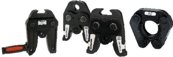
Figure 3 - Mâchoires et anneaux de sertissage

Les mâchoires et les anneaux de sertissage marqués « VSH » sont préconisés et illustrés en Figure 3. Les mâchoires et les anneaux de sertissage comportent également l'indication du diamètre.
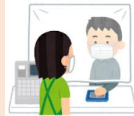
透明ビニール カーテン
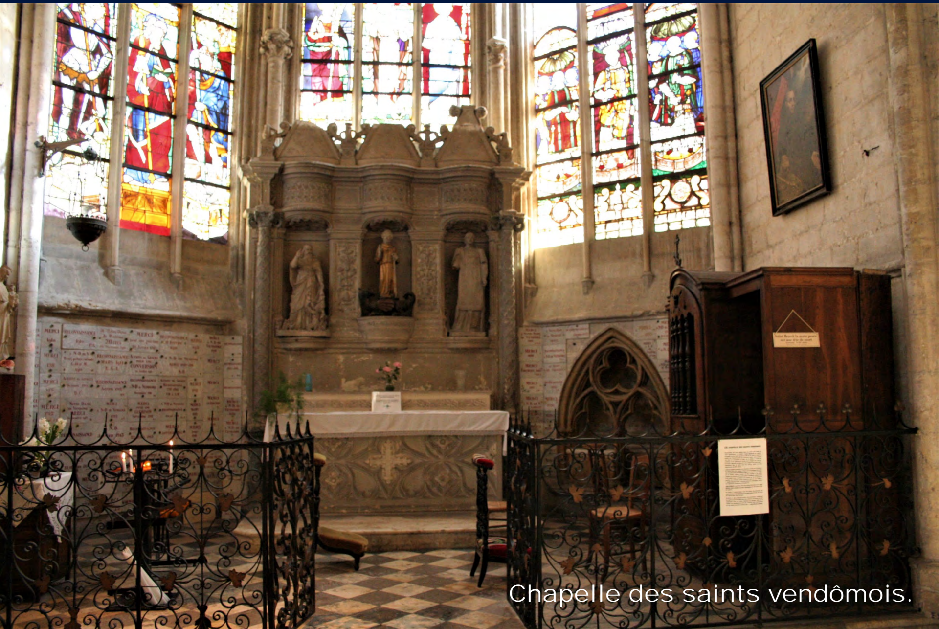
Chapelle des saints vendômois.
--- --- ---
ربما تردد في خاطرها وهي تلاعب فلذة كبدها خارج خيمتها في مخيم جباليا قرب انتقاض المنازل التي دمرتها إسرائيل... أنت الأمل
--- --- ---
→ YOUR TASK:
The answer must be every line of the listing that holds the word "sertissage".

→ EXPECTED ANSWER:
Figure 3 - Mâchoires et anneaux de sertissage
Les mâchoires et les anneaux de sertissage marqués « VSH » sont préconisés et illustrés en Figure 3. Les mâchoires et les anneaux de sertissage comportent également l'indication du diamètre.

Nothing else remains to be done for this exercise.